Set down a true copy of the data, with all pictures left out.

Records from a dataset
▽

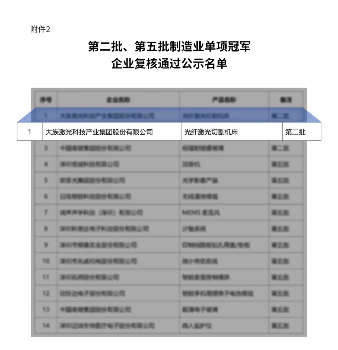 近日,深圳市工業和信息化局發布《關于第八批制造業單項冠軍企業和通過復核的第二批第五批制造業單項冠軍企業名單的公示(深圳市)》,大族激光又一次通過審核,光纖激光切割機床入選國家級“制造業單項冠軍企業”公示名單。這是大族激光連續三屆(2018年-2020年、2021年-2023年、2024年-2026年)獲評制造業單項冠軍(產品)認定。
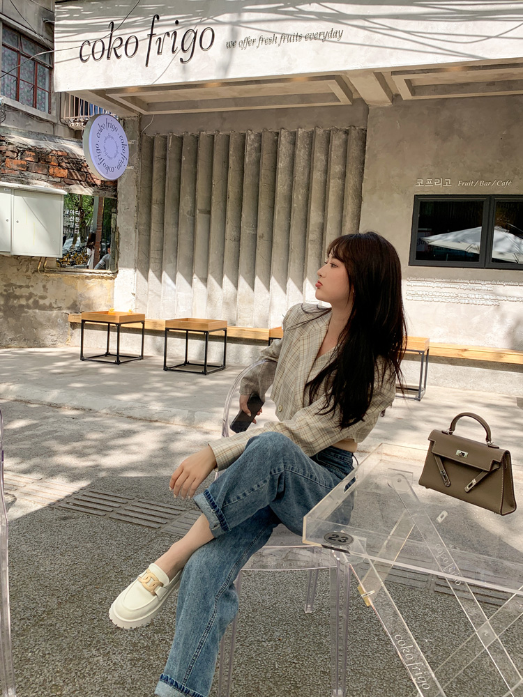 Concert Outfit Women White Thick Soled Slip On LoafersBritish Genuine Leather Spring Summer Footwear
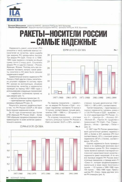 Меньшиков В.А., Медушевский Л.С. Ракеты-носители России – самые надежные. Журнал «Военный парад», № 3 (№ 39), 2000 г.
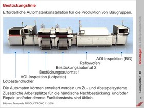 Grundkonfiguration der Anlagentechnologie für die Bestückung von Leiterplatten mit elektromechanischen Komponenten.
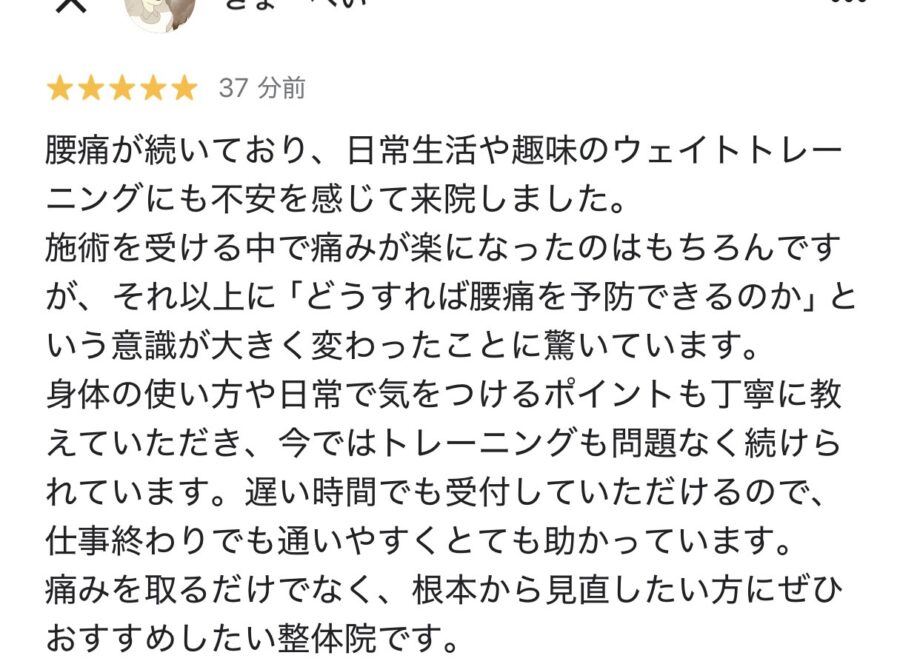 施術を受ける中で痛みが楽になったのはもちろんですが、それ以上に「どうすれば腰痛を予防できるのか」という意識が大きく変わったことに驚いています。
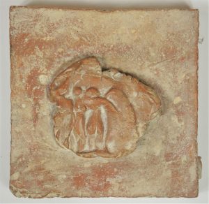 Carreau en terre cuite orné au centre d un médaillon en relief figurant des nus. Cachet de l artiste sur le côté.

△

▶ Response area
 近日,深圳市工業和信息化局發布《關于第八批制造業單項冠軍企業和通過復核的第二批第五批制造業單項冠軍企業名單的公示(深圳市)》,大族激光又一次通過審核,光纖激光切割機床入選國家級“制造業單項冠軍企業”公示名單。這是大族激光連續三屆(2018年-2020年、2021年-2023年、2024年-2026年)獲評制造業單項冠軍(產品)認定。
 Concert Outfit Women White Thick Soled Slip On LoafersBritish Genuine Leather Spring Summer Footwear
 Меньшиков В.А., Медушевский Л.С. Ракеты-носители России – самые надежные. Журнал «Военный парад», № 3 (№ 39), 2000 г.
 Grundkonfiguration der Anlagentechnologie für die Bestückung von Leiterplatten mit elektromechanischen Komponenten.
 施術を受ける中で痛みが楽になったのはもちろんですが、それ以上に「どうすれば腰痛を予防できるのか」という意識が大きく変わったことに驚いています。
 Carreau en terre cuite orné au centre d un médaillon en relief figurant des nus. Cachet de l artiste sur le côté.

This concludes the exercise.